I would not use any chemicals to clean this tank. Mother nature doesn't use bleach. If they had white spots (ich, a parasite) before they died turn the heat up to 90°F and leave it sit for 2 days.
If #2 is true, it is not your fault. Fish-keeping is extremely difficult and takes a lot of experience. This will sound strange, but if you weren't losing track of time gazing into your tank, or sorta looking forward to your maintenance, I would not recommend getting back into it.
If #3 is true, hallelujah you've got a fighter. Follow everything I've outlined and it will live.
You'll want to get an API freshwater test kit and measure your water parameters every day (2 is ok after water change) until they read the following:
Ammonia: 0 Nitrite: 0 Nitrate: >0
Then change 80% of the water and do nothing for a month.
At your current situation, I guess that your fish do not have any chance to survive long, so forget about them. I recommend the following:
- Set up a small environment for the surviving fish (if you till have them). A bigger jar should be fine. change the water every day with clean un-chlorinated water.
- The easiest (but more expensive) is to just throw away the water you already have.If you have enough (and big enough) storage (bottles, etc.) you can still reuse the water.
- Remove everything from aquarium.
- If you have gravel, stones, and other "things" resistant to temperature, bake them for at least 30 min at more than 100 C. In this way, you kill everything living there - especially the nasty stuff.
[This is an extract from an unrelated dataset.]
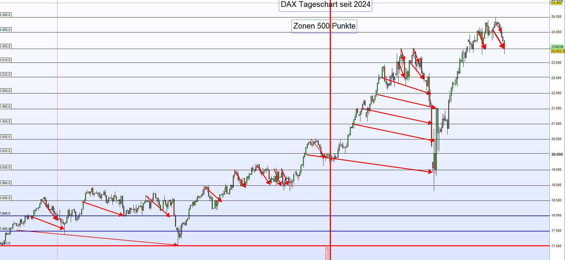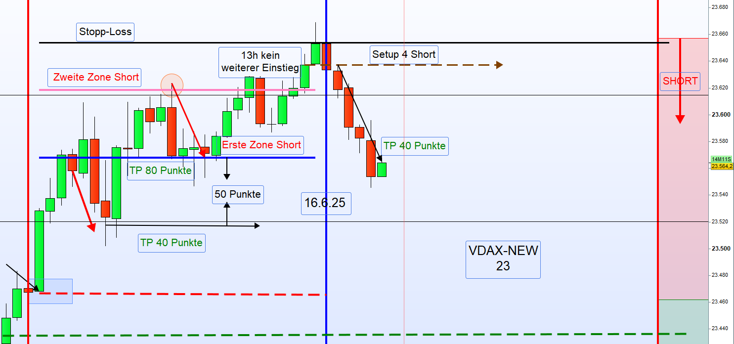 Wurden an der ersten und zweiten Zone, Short oder Long, Positionen eröffnet und nur die Positionen aus der zweiten Zone mit Gewinn glattgestellt, dann wird nach einem Retracement (Rückkehrbewegung) bis zur zweiten Zone dort keine neue Position eröffnet. Zuerst muss die Position aus der ersten Zone abgewickelt werden. Ausnahme wenn der VDAX-NEW um und unter 15 notiert.

At the end, allow the "things" to cool down to room temperature. Be aware, it might take a longer time than expected ;)
- If you have drift wood, bake it too, but be careful to monitor the evolution You do not want to burn it. The temperature should be lower, compared to the baking of stones.
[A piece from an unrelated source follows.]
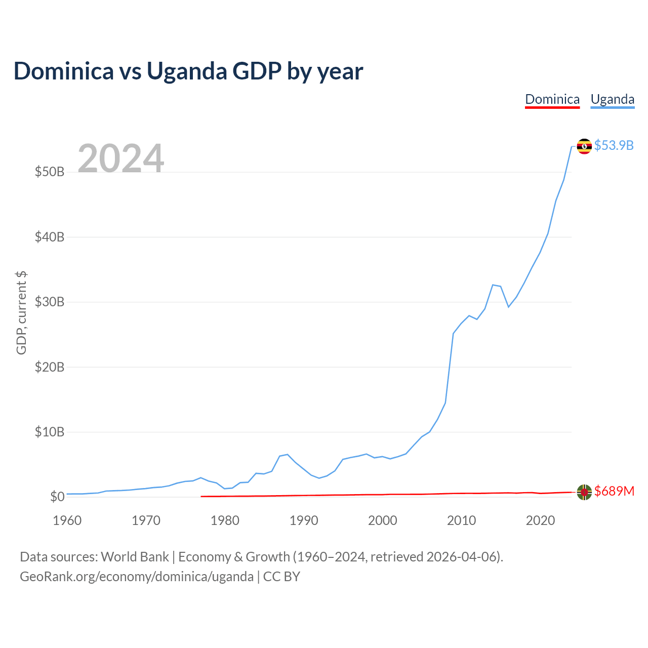 Dominica vs Uganda GDP by year

- Disinfect the glass of the aquarium on the inside with alcohol or hydrogen peroxide (using some cotton, for example). Avoid using any strong chemicals, which might remain there long time. They will create some problems, and you will not be able to understand the source.
- I answered here about how to add things back.
- If you add fish from the beginning (before cycling is finished), you should try bottom dwellers (ancistrus, plecostomus, corydoras...) or one betta splendens (not two or more, because they will fight to the death - literally). They are built to take more hits before the final give up (and belly up).
- Whatever you do, expect that fish will die. Some will die because you did something wrong, other die because you bought them already on the final path (the previous owners / growers did something wrong).
From my point of view, the following are the most important things in the aquarium (as a minimum):
- A good mechanical filter, size-suitable for your aquarium.
- Gravel. It will be a very good support for live plants. It will also accumulate dirt. The dirt will be a very good medium for the beneficial bacteria, as well as a very good source of nutrients for the plants.
If the temperature of the room is not constant enough in the good range, you need to add one (or more) heaters in the aquarium.
Depending on the specific setup, you might want to add an aerator too. I do not use one, because I set up the filter to create turbulence at the surface of the water, and push down "streams" of air bubbles (at the cost of some splashing noise). I adjust the noise level by adjusting the debit of the filter, as well as the angle of the water stream.